Like Schlesinger, [Walter] Lippmann recognized the instability of liberal democracy, an instability made more problematic by a general citizenry that had become, in effect, a mob with no capacity or even inclination for self-governance. Lippmann clearly had Senator McCarthy and his populist followers in mind. He found McCarthy’s demagoguery and campaign of fear utterly repellent and McCarthy himself an ambitious and ruthless agitator set on cultivating his following to become “a mere horde of frightened, angry, suspicious and suspected separate egos.” […]

Public opinion, as Lippmann argued, was now shaped by the techniques of mass communication and was therefore subject to manipulation through stereotypes, prejudices, and out-and-out propaganda. Ordinary citizens, then, had evolved into a mob because they had no “objective” understanding of their own interests and no capacity to act on them anyway. Worse still, no one could claim a privileged insight into or authoritative comprehension of the public good. The American public upon whose will democracy depended did not really exist. It was a fiction-in his own words, a “phantom.” […]

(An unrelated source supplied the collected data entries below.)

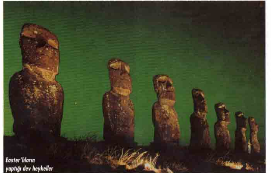
Easter'lıların yaptığı dev heykeller

denle en yakın adaya bile gidememişlerdi. Sadece üç veya dört kanoları vardı ve bunlarla Yunus avlıyorlardı. Easter adasının en önemli yapıları sayıları 1 000 kadar olan dev taş heykellerdi. Bunların boyları 10 ila 20 metre uzunluğunda, ağırlıkları ise 82-270 ton arasındaydı. Bu insanlar çok basit bazı taştan aletler ve ipler dışında hiçbir alet yapmamışlar ve sadece kas gücüyle çalışmışlardı. Kuşkusuz bu heykelleri yapmak iyi bir organizasyonla mümkündü. O halde neden bu insanlar heykel yapmak dışında başka hiçbir şey üretmemişlerdi? Neden sadece basit kanolar yapmış, hiçbir şey ekip dikmemişlerdi? Onları kalan son palmiye-i kesmeye ve yenisini dikmemeye iten sebep neydi? Yaptıkları heykeller o-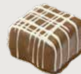
ROTE JOHANNISBEERE VOLLMILCH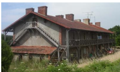
Caserne des Zagots

En cas de réhabilitation, il faut tenir compte de tous les matériaux qui composent la façade : brique, bois, pierre calcaire, zinc, ... qui ont déjà leur propre couleur.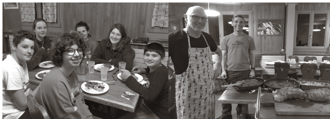
La table des ados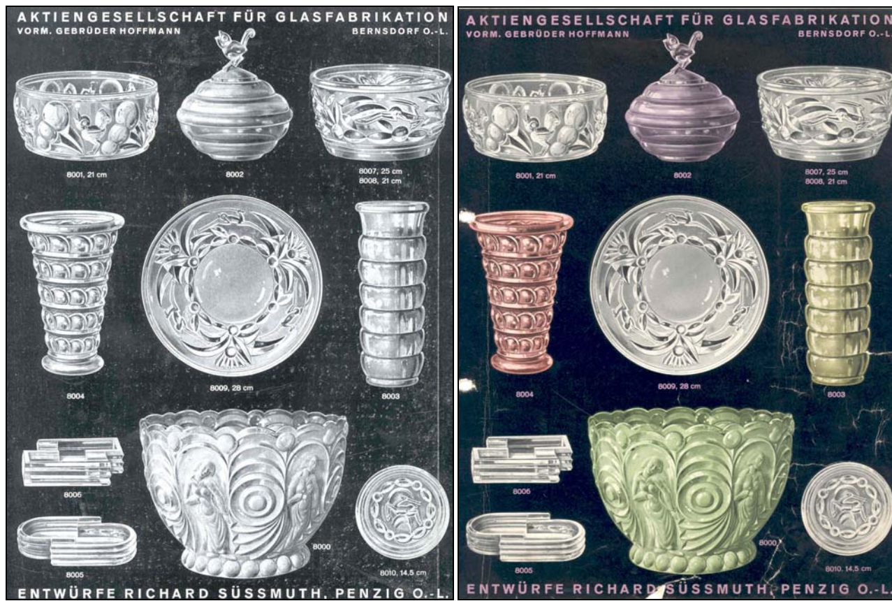
Abb. 2017-1/44-02 (Maßstab ca. 60 %)

Kuchenteller mit Gazellen, farbloses Pressglas, H ??? cm, D 28 cm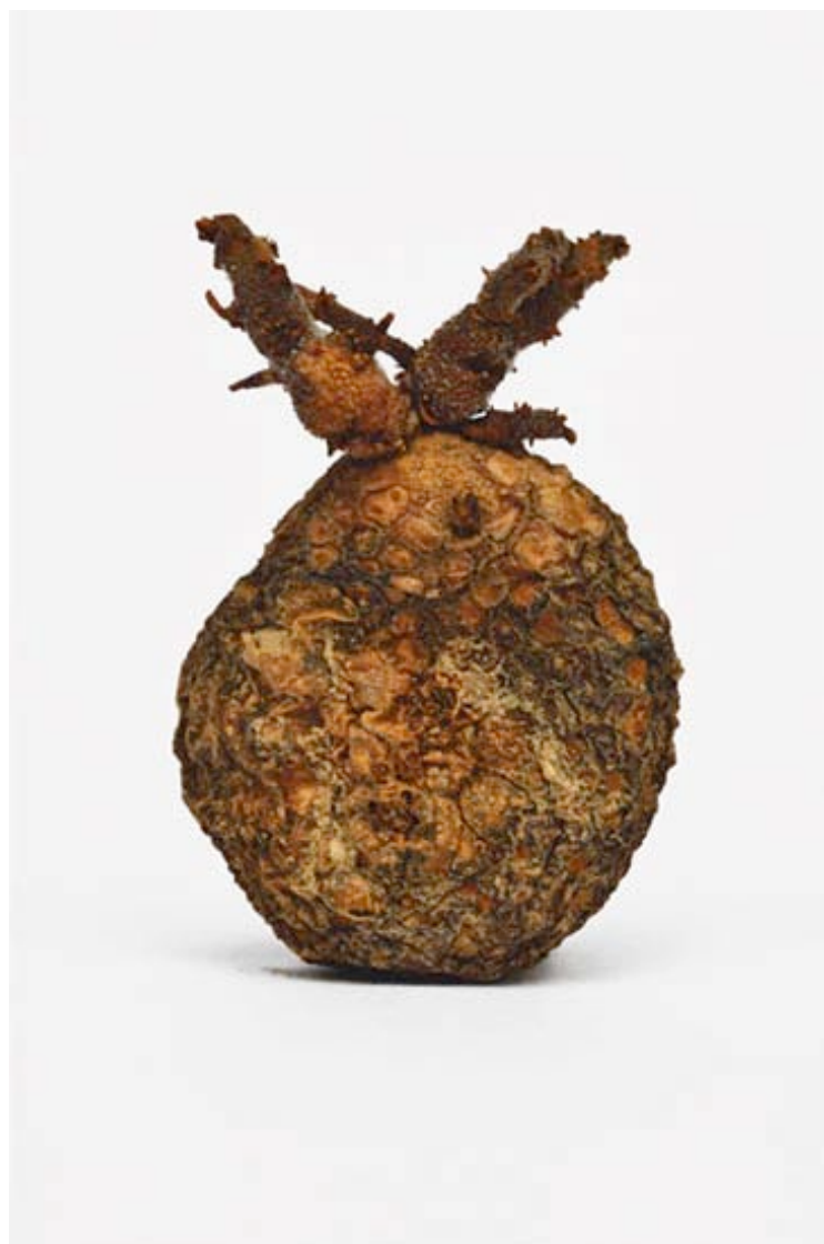
Pomme de terre 2015 format (max 90 x 60 cm )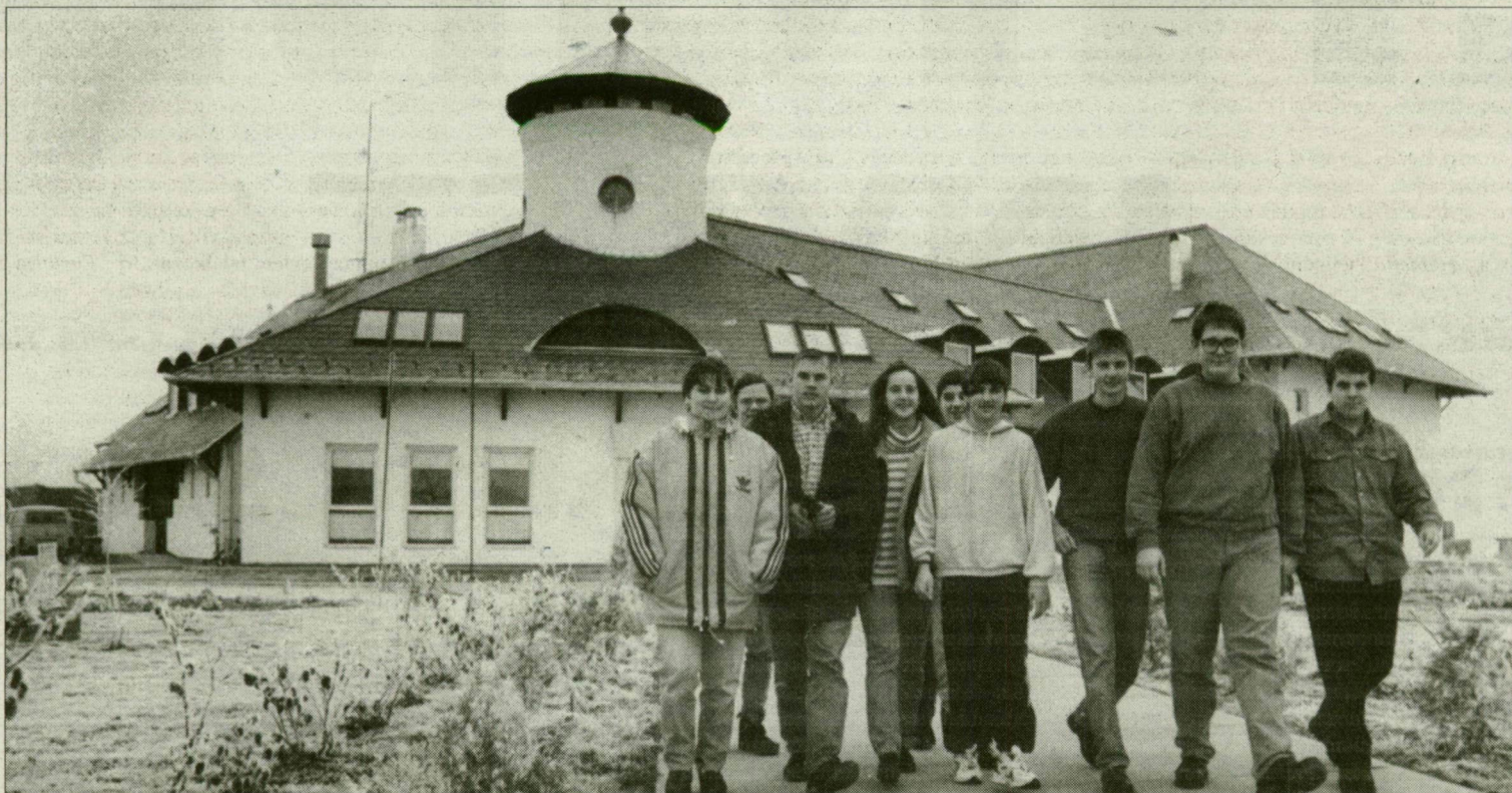
A pusztamérgesi középiskola diákjainak zöme egyben kollégista is.

gimnáziumi osztályokba jelentkezők között tudunk válogatni, a szakiskolába valamennyi érdeklődőt felvettünk. Épül az intézmény következő szárnya, szeptembertől erre szükségünk is lesz, mert egy évfolyammal gyarapodunk. Az idegenforgalmi képzésünk iránt – idegenvezető és hostess felső-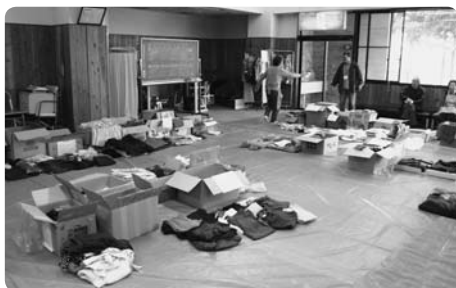
草津町民からいただいた救援物資は、すぐに被災者のみなさんに配布・活用されました。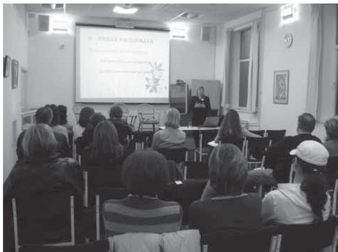
Javna tribina u Gradskoj knjižnici u Zadru

Tijekom jutra održana je tiskovna konferencija na kojoj su izneseni planovi za rad u 2009. godini, upozoreno na izostanak suradnje te nedemokratske načine predavljanja i provođenja reformskih procesa. Upozorilo se na tešku poziciju pacijenata koji se ne mogu snaći u predloženim reformskim mjerama kada to očito ne mogu ni liječnici kako je vidljivo kroz dugotrajno protestiranje liječnika opće medicine. Poslana je poruka javnosti da zatraži jasnije i glasnije svoja prava na informaciju i odluku kada je u pitanju sam sustav te je naglašeno kako bez korištenja toga prava reforma neće imati povoljne reperkusije na građane.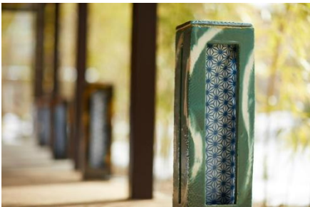
益子焼と黒羽藍染の灯笼

鬼怒川渓流沿いの 36,000 m 2 に及ぶ敷地には緑豊かな森が広がり、自然の中に溶け込むようにして宿泊棟が佇みます。施設の中心には、自然の樹木を活かして設計された中庭が広がり、新緑や紅葉をはじめ四季折々の風景を望みながら、ゆったりと流れる時間を過ごせます。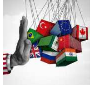
India must tell the US that all trade talks should be handled only by official negotiators, says the GTRI report

A bad bilateral trade deal with the US — which forces India to bring down its tariffs without reciprocal benefits — could be worse than no deal at all and the country must guard against it, trade research body GTRI has suggested.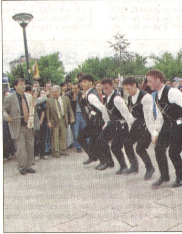
Halkoyunları gösterileri yapıldı...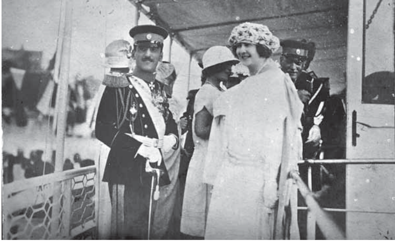
Краљ Александар дочекује своју вереницу Принцезу Марију на београдском пристаништу

пука Румунске Војске. Истог дана су се представници обе Владе, Никола Пашић и Таке Јонеску договорили о подели територије Баната и решили проблем граница између Румуније и Краљевства Срба, Хрвата и Словенаца.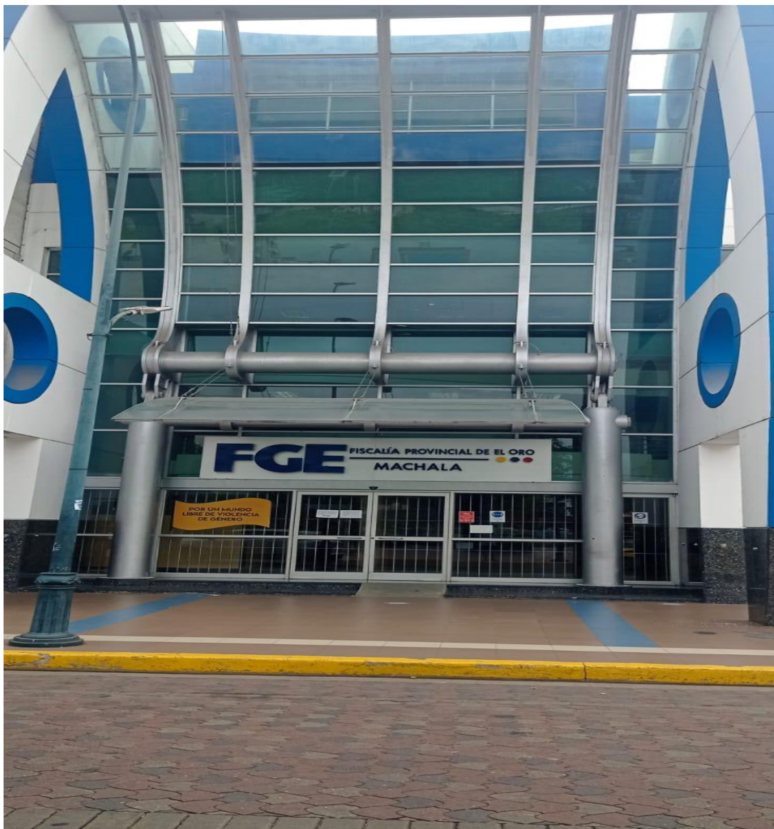
Imagen 1: refiere a la (FGE) fiscalía general del estado, ubicado en la ciudad de Machala donde existen las fiscalías especializadas en tránsito.

El escenario de estudio del proyecto de investigación se desarrolla en la ciudad de Machala, lugar donde se ejecutará de manera activa y donde existe registros sobre el tema, además que los expertos los mismos que serán entrevistados aportaran sobre las experiencias e interrogantes, ya que son especialistas en el tema que se debatirá sobre la realidad problemática planteado, Arias, (2020).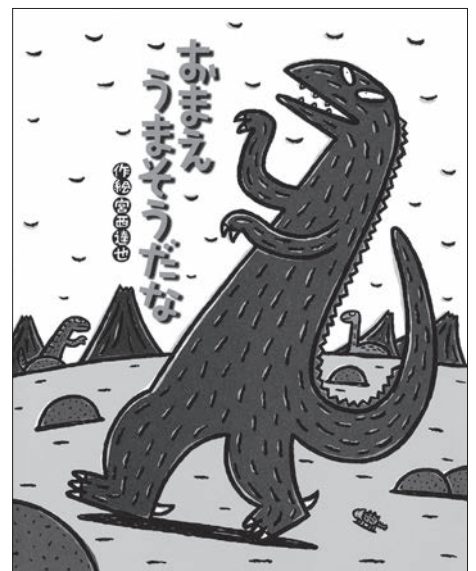
「おまえ うまそうだな」(作・絵: 宮西達也 ポプラ社刊)

トリトンアーツ通信はここに置いてあります。 配布にご協力いただける方、書いていただけるお店を大募集!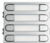
F07371 8 BP. 204 W VDS/BUS2 SKYLINE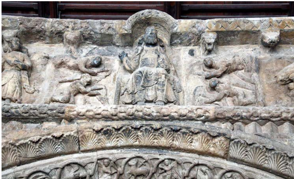
Portalada del monestir de Santa Maria de Ripoll

a) Dateu l'obra i situeu-la en el context històric i cultural corresponent.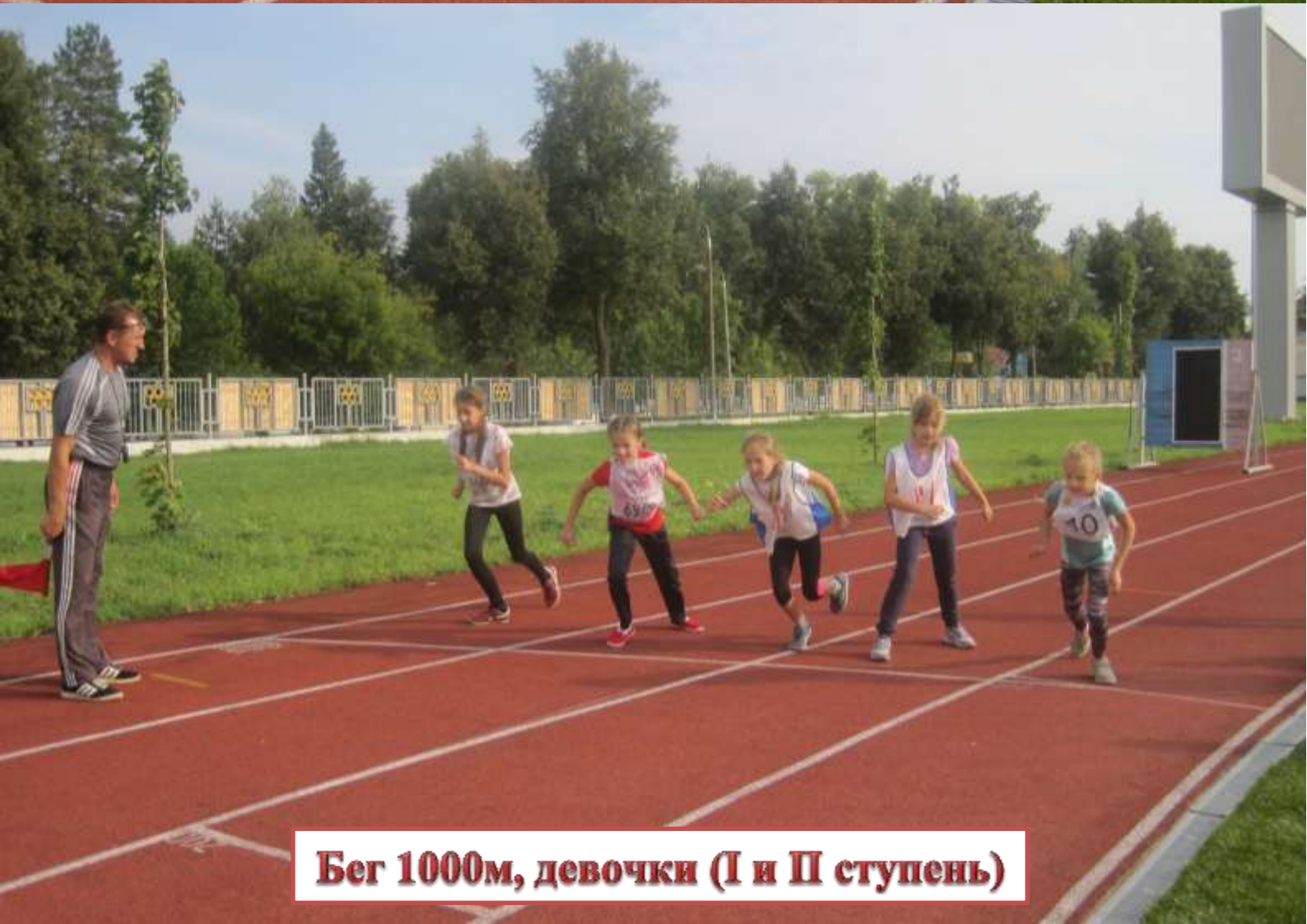
Бег 1000м, девочки (I и II ступень)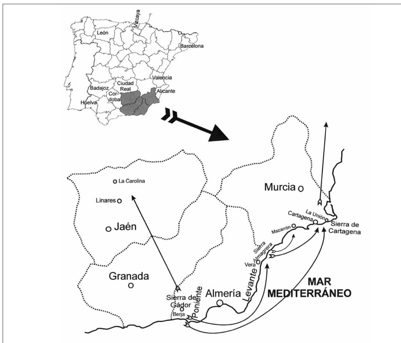
Figura 1. Flujos migratorios de los trabajadores de la minas del Sureste de España Figure 1. Migration flows of labour mining in south-east Spain

Martínez, A. P. et al. , 2008. Itinerarios migratorios y mercados de trabajo en la minería... Boletín Geológico y Minero , 119 (3): 399-418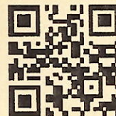
まつもとフィルム コモンズ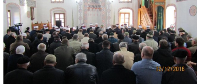
Prisutni na mevludu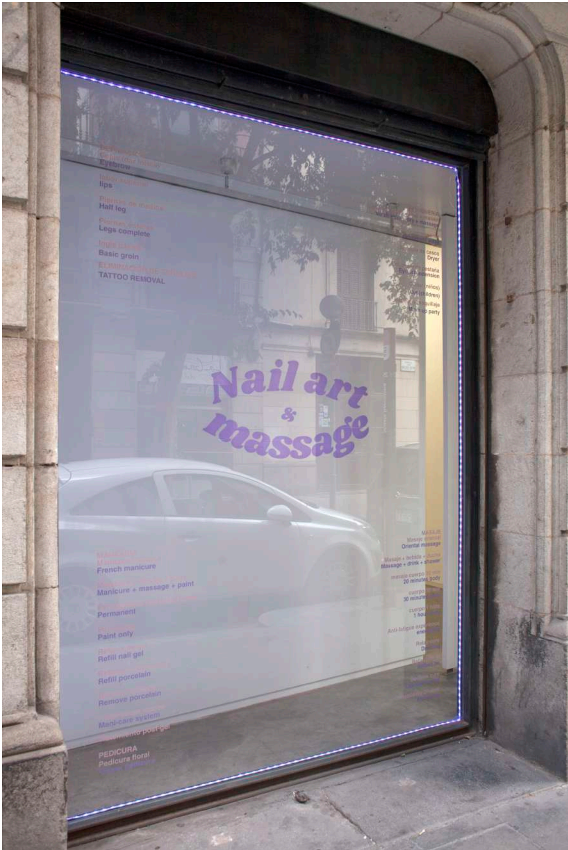
Vista del escaparate de la galería. View of the gallery window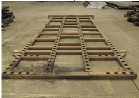
Рис. 11 Рама «ВО ПГП» (P-1)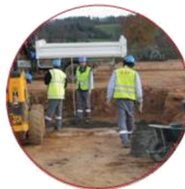
Ouvrier TP polyvalent Ouvrier routier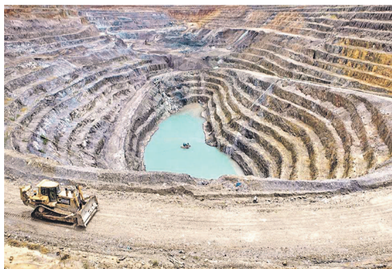
Un gisement de cuivre en RDC

Cette question promet de garder son actualité jusqu'à la tenue, du 13 au 15 avril à Lubumbashi, de la prochaine édition de DRC Mining Week. L'on apprend que le nouveau code minier et son impact sur l'industrie minière constitueront un des thèmes majeurs de la rencontre. Pour l'heure, la problématique semble se poser en des termes très clairs. Après sa promulgation, le nouveau code instaure désormais une augmentation des taxes sur les minerais extraits et traités en RDC. Il faut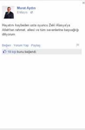
Zeytinburnu Belediye Başkanı Murat Aydın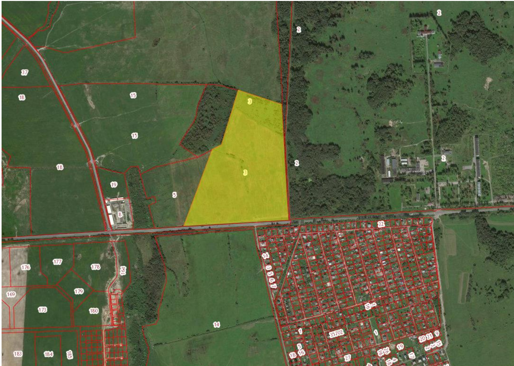
— участок на схеме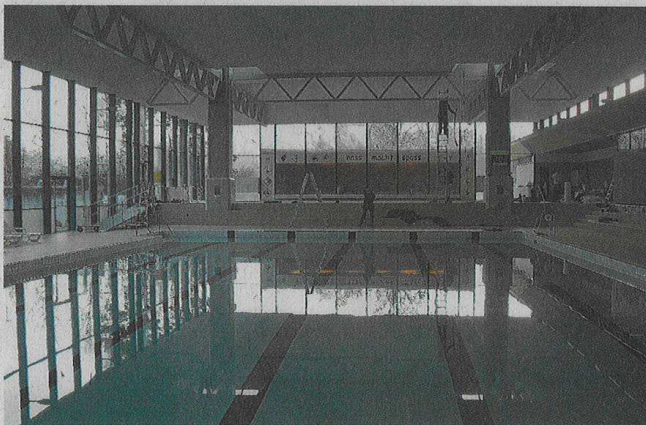
... und schon ist sie weg.

In Lippmann’s account, modern democracies had “abandoned the main concepts, principles, precepts, and the general manner of thinking” that characterize the public philosophy, and its cultural heritage had not been transmitted to recent generations. It was, then, essential to “revive,” “renew,” and “rework” the public philosophy for the modern age. The adaptation of its “common and binding principles was more necessary than it had ever been.” If this was not accomplished, then “the free and democratic nations face the totalitarian challenge without a public philosophy which free men believe in and cherish, with no public faith beyond a mere official agnosticism, neutrality and indifference."

…Lippmann found in his reading of Sartre “a proclamation of anarchy” that provides no framework of solidarity within a fragmented society, nor even a will to find any solidarity. The stripping away of any concept of a mind-independent truth creates a vacuum that is filled by “the intoxication of power,” an intoxication that is “the greatest danger of our time.” Indeed, he wrote, “any philosophy which, however unintentionally, contributes to it is increasing the danger of vast social disaster.”